All medical papers have similar formats and within a specific journal will tend to have a specific style, so few clues to the worth of the paper are had there. So we have to ask ourselves some basic questions at the start. Some good in-depth information on this is located in the book “How To Read A Paper” by Trisha Greenhalgh. She reminds us to look at the work of Sackett’s “Users guides to the medical literature” published in the Journal of the American Medical Association which were written in about 25 parts from 1993 to 2000. I’m leaning on Greenhalgh’s work here….

1. Why was the study done and what hypothesis were the authors testing? This is usually stated in the first paragraph or the abstract of the paper. 

2. What type of study was done? It is good to know if this paper was the research of the author, a review of other literature, a clinical trial with controls, etc.

3. Was a large enough group of people involved? A paper saying a medicine works but only trialed on 20 people might be suspect.

4. Was the study design appropriate to answer the question? A review cannot answer if a particular medicine works for a disease.
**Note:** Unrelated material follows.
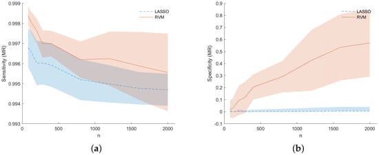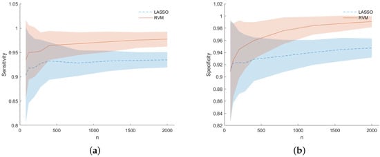 Free available software implementations were used for Simulations (Matlab libraries: glmnet (http://www.stanford.edu/~hastie/glmnet_matlab/) for LASSO and Sparse Bayesian Modeling (http://www.miketipping.com/sparsebayes.htm) for RVM). In all simulations, the percentage of data used for training is with a cycle of iterations for MCCV and an inner cycle of iterations for K-fold as explained in Section 4.1. As regards the choice for thresholds related to the RVM hyperparameters introduced before in Section 3.2, default numerical values available in the library have been taken into account and reported here:

A clinical trial cannot answer what all the treatment choices might be, etc.

5. Was there unreasonable bias in the paper? If the author owns the company of the device in the trial, you can wonder about the independence of the work. There are many other forms of bias.

A useful paper will have answers to these questions that all fit well.

There is a wide variety of information available via the Internet, and this is the best place for a patient to lookup questions. But because the variety is so wide, it is easy to get distracted or lost in the details. It is also possible to get one opinion and not know how it fits into the bigger picture, or why that opinion might or might not apply to a particular question. All journals published in recent years have been indexing their articles on Pubmed and this is a fantastic place to look up papers written by experts in the field. You will be able to see an abstract of the paper and the conclusions. Most of the details of the paper and what is good and bad about the research are buried in the actual paper you won’t be able to read. To read the actual paper you should contact your library and get help from them to receive it. It helps to be very specific when searching Pubmed because the articles will be very numerous otherwise. And it is up to you, dear reader, to figure out which ones are useful and which ones are not. If you want to learn more about the topic in general, add the word “review” to your search, and you will find articles that “review” the topic, and which are more likely to guide a good general understanding. 

After Pubmed, next best of the free searches is with Google. It is even harder there to figure out what is irrelevant, what is useless, and what is meant to make you buy something. Please read carefully there and bookmark things that look relevant. It is easier to search and bookmark and come back later to read it together than it is to just read as you go. 

Another excellent source of review literature is the Cochrane Library which seeks to gather information into the best practices and summaries of numerous problems. Excellent instructions on how to use this service are on their site.